Matt has already reviewed this at length, so I won’t say much. I will say the writing is incredibly sloppy in parts: “etching out a living”, “stuck in a grove”, “a slitter of bone” and “Ghandi” are among the pearlers I found in this. Unless it’s done intentionally - and it clearly isn’t - I find this unacceptable in a major work from an award-winning novelist. Apart from that, bugger-all happens in almost 400 pp apart from a great deal of musing about the main character’s relationship with swans. The little that does happen goes unexplained for the most part. I like my magic realism and dystopian novels, and the idea of a dystopian society resulting from the Howard-era Aboriginal Intervention is a promising one, but this book is pointless, poorly-written drivel.
post #1952 of 3283
Quote:
Originally Posted by Steve B. View Post

http://www.abebooks.com/?cm_mmc=msn-_-US_AbeBooks_Brand-_-Mispellings-_-abebooks%20com

I've gotten a number of books for them at about $3 per, with shipping.

And I haven't even started on the remaining Louis L'Amours.

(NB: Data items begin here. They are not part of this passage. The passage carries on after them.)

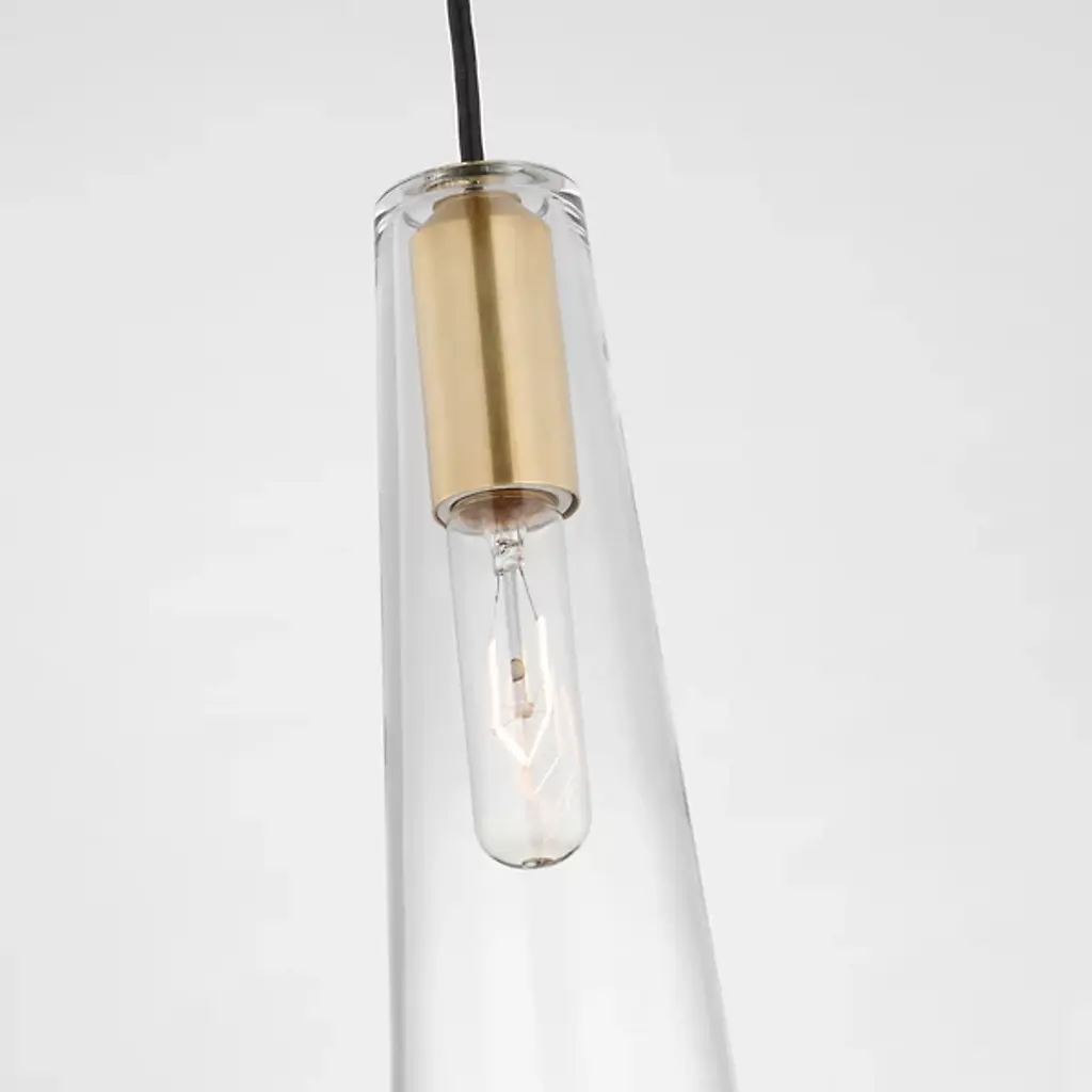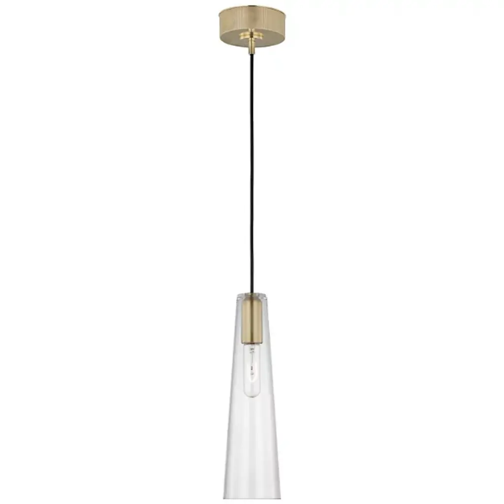 The Osvaldo Mini Pendant from Visual Comfort Signature distills Ray Booth's design into a concentrated form. The singular glass cone creates a clear column of light, while brass fittings add subtle metallic touches to the composition. This pendant works beautifully in powder rooms, clustered above breakfast nooks, or lined along hallways, where its clean lines and transparent shade maintain visual flow while providing focused illumination.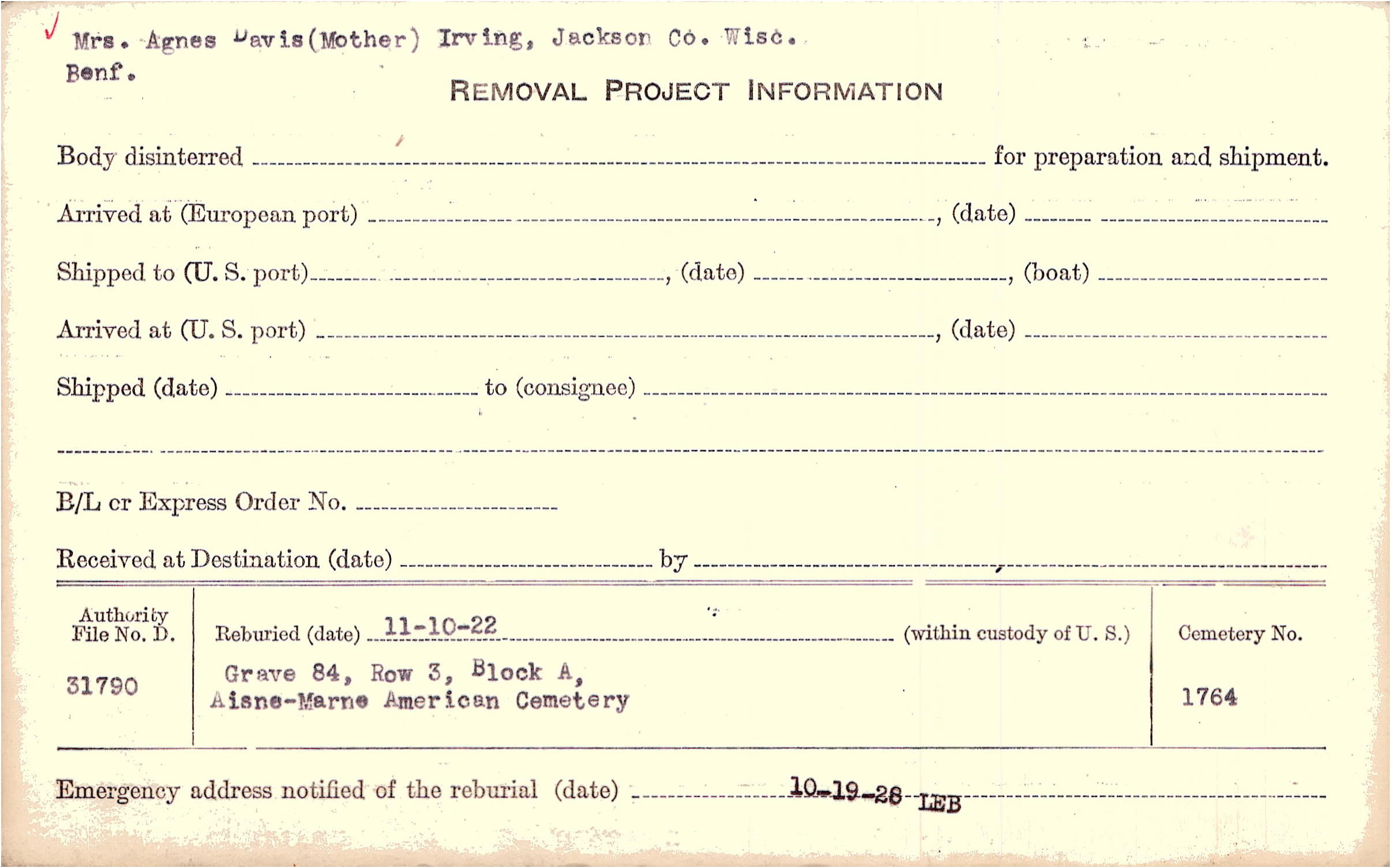 Mrs. Agnes Davis (Mother) Irving, Jackson Co. Wisc. Benf. |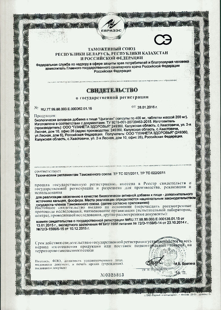 Документы Цыгапан таблетки массой 200 мг 30 шт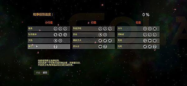 6、初始你就是块陨石,周围有四个箭头指引方向,跟着走就能找到任务。每个箭头代表啥我也没搞太明白,但完成不同箭头的任务组合能解锁故事模式的称号。不同成长阶段,每个箭头的任务也不同。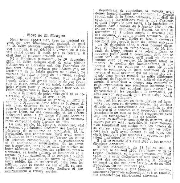 L'article suivant, paru à Rouen lors du décès de Félix MENGUS, donne une idée de son rôle et de son implication dans cette ville de ROUEN dont il est devenu un notable:

Is there really a cache of mispelled titles?, because that would be awesome. The link just takes me to the main page, though.
post #1953 of 3283
I've never fooled with the misspelled titles, but books are cheap and arrive relatively quickly.
post #1954 of 3283
I like Abe Books, but it's effed me up before when trying to sell back something of value to my local bookstore, and a n00b has unknowingly listed it for cheap. ffffuuuu.gif

Cool site, though.

In Louis L'Amour news, it turns out I will not be inheriting the full set, as my grandfather deemed some of them great, but a lot of them 'crap', and consequently, had them donated. More as the story develops.
post #1955 of 3283
37. Caravaggio: A Passionate Life
Caravaggio: A Passionate LifeCaravaggio: A Passionate Life by Desmond Seward

My rating: 3 of 5 stars


Seward has written a fairly pedestrian biography of the great artist. In part this is because of the paucity of source material on major aspects of Caravaggio’s life, including his origins, the major conflicts that blighted his career, his travels during exile and his death. So there is not a lot for the author to work with. He still manages to present an intriguing story of an ambitious young man with a great deal of talent, yet also in possession of a violent temperament that caused his premature downfall. It’s an entertaining story; you can’t help but like somebody who, when a painting of his was publicly criticised, ripped it up with a knife and then went away and painted a masterpiece.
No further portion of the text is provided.